Parabéns pelo artigo Rodrigo. Muito bom. realmente Nada substitui o questionamento sincero e exercício de autocrítica para chegar nas causas raízes dos problemas e situações complexas que são vivenciados em diversos contextos.
Pensando aqui… (exercício de pensamento livre). Pode-se não chegar facilmente às causas raízes de sistemas complexos, já que são complexos e emergem do “caos” (Muitas variaveis-Sistemas Dinâmicos). Uma analogia seria: Assim como um vento que sopra de diferentes direções, e embora haja ventos predominantes, fica difícil prever onde se formará um furacão ou ciclone, ou mudanças repentinas de direção do vento (efeito borboleta). Restando assim, talvez, focar em aprender e dominar o manuseio das velas e leme da nau ou veleiro,e desenvolver também o instinto e intuição na arte de navegar no oceano da complexidade. : )

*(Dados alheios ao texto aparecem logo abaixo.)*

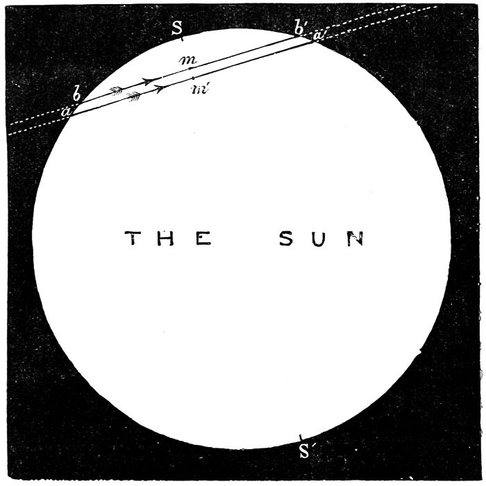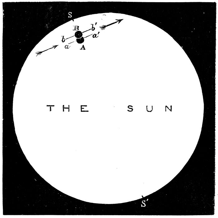 For, first, the observers would be several thousand miles apart. How then are they to ensure that their observations shall be made simultaneously? Again, the distance a b is really a very minute quantity, and a very slight mistake in observation would cause a very great mistake in the measurement of the sun's distance. Accordingly, Halley devised a plan by which one observer in the north (or as at A, fig. 47) would watch [285] Venus as she traversed the sun's face along a lower path, as a a´ fig. 49; while another in the south (or as at B, fig. 47) would watch her as she traversed a higher path, as b b´ fig. 49. By timing her they could tell how long these paths were, and therefore how placed on the sun's face, as in fig. 49; that is, how far apart, which is the same thing as determining b a, fig. 48. This was Halley's plan, and as it requires that the duration of the transit[286] should be timed, it is called the method of durations. Delisle proposed another method—viz., that one observer should time the exact moment when Venus, seen from one station, began to traverse the path a a´, while another should time the exact moment when she began to traverse the path b b´; this would show how much b is in advance of a, and thence the position of the two paths can be determined. Or two observers might note the end of the transit, thus finding how much a´ is in advance of b´ This is Delisle's method, and it has this advantage over Halley's—that an observer is only required to see either the beginning or the end of the transit, not both.
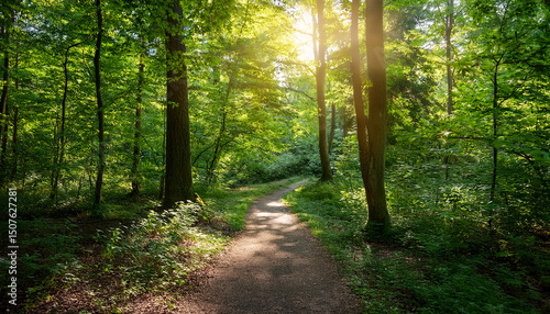Fototapeta premium serene sunlit path through a lush green forest of trees creating a tranquil...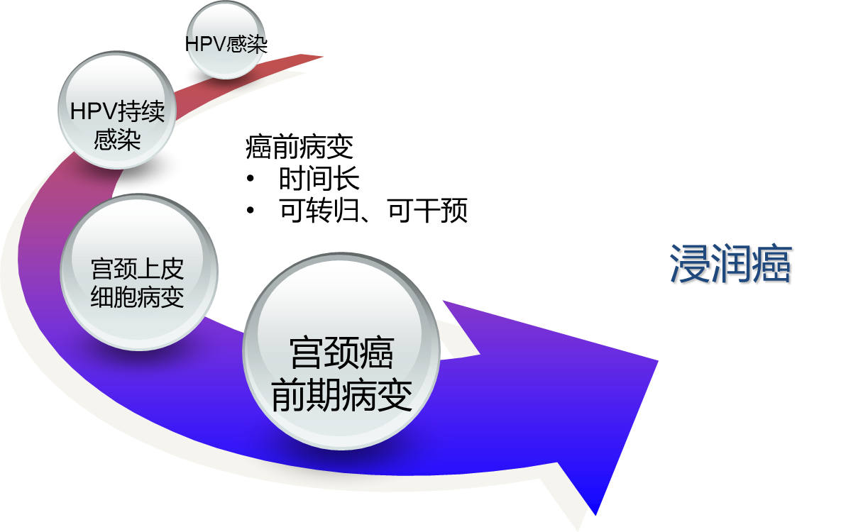 2009年世界卫生组织(WHO)认定14种人乳头瘤病毒(HPV)高危型的持续感染是导致宫颈病变和癌变的主要原因。从HPV感染到发生癌前病变,进而发展到宫颈癌,一般需要5-12年时间。在这个过程中可以通过进行宫颈癌筛查,及早发现宫颈癌前病变,给予适当的治疗,可以阻止病程的发展。如果忽视宫颈癌筛查,则会错过最佳的治疗时机。宫颈癌筛查包括HPV检测和宫颈细胞学检查。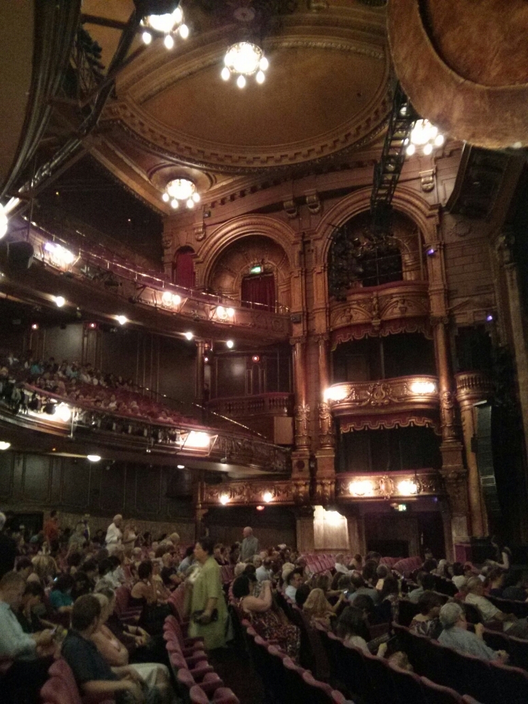 The Palladium was beautiful AND only two tube stops away from our new place (which we still don't know if it is actually our new place...) but was about 20 minutes from where are now in Canary Wharf. Since we got there a little early, we got drinks and enjoyed them in the lobby.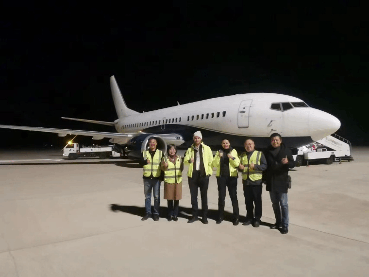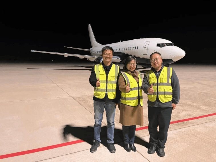 2023年11月4日凌晨3:00,大飞机公司(机械与交通工程系)采购B737-500飞机历经三段旅程,平稳降落在伊金霍洛国际机场。大飞机公司常务副经理(正处级)李晓雪,副经理(正处级 挂职)高峰现场迎接飞机到场。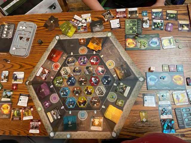 The beer and food are great; I will use that as my excuse for inattention and placing last. Corwin, who had not played for a few years, still had the rules down cold. He was near the Arcane Tower location (all locations are randomly placed as the players explore the island) and had a companion that reduces the cost of Artifacts found at the tower; thus, Corwin had three artifacts by the end of the game worth a pile of honor points and gave him all sorts of superpowers. Corwin and Evan both fought monsters for another pile of points.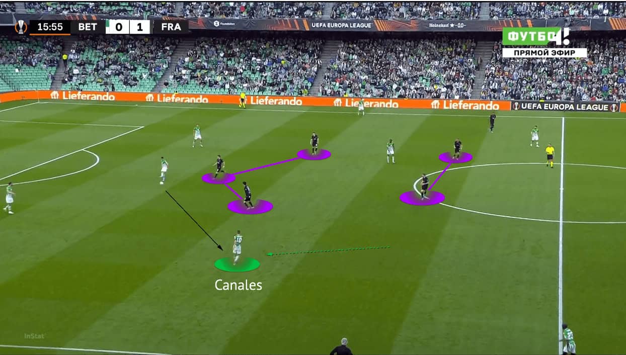 When Betis played a back three, their best solution was usually Canales as the former Real Madrid man was a “false-winger” – a type of player that Pellegrini liked to use. When he dropped from the right-winger position to the midfield, he became an extra man to receive outside of the Frankfurt formation, as shown above, then he could turn and face the opposition goal.

Interessante sua analogia. Aprofundando ela eu diria que existem padrões de ventos que podem ser identificados dependendo da geografia, região e condições climáticas. Nem todas as velas e embarcações (ferramentas e frameworks) funcionam em uma determinada condição. Conhecer as condições e possíveis padrões de vento e conhecendo marinharia de maneira mais ampla e profunda te permite escolher a melhor embarcação e conjunto de velas. O Scrum é só um conjunto de barco/velas e que não possui uso tão universal assim como alguns gostariam ou vendem.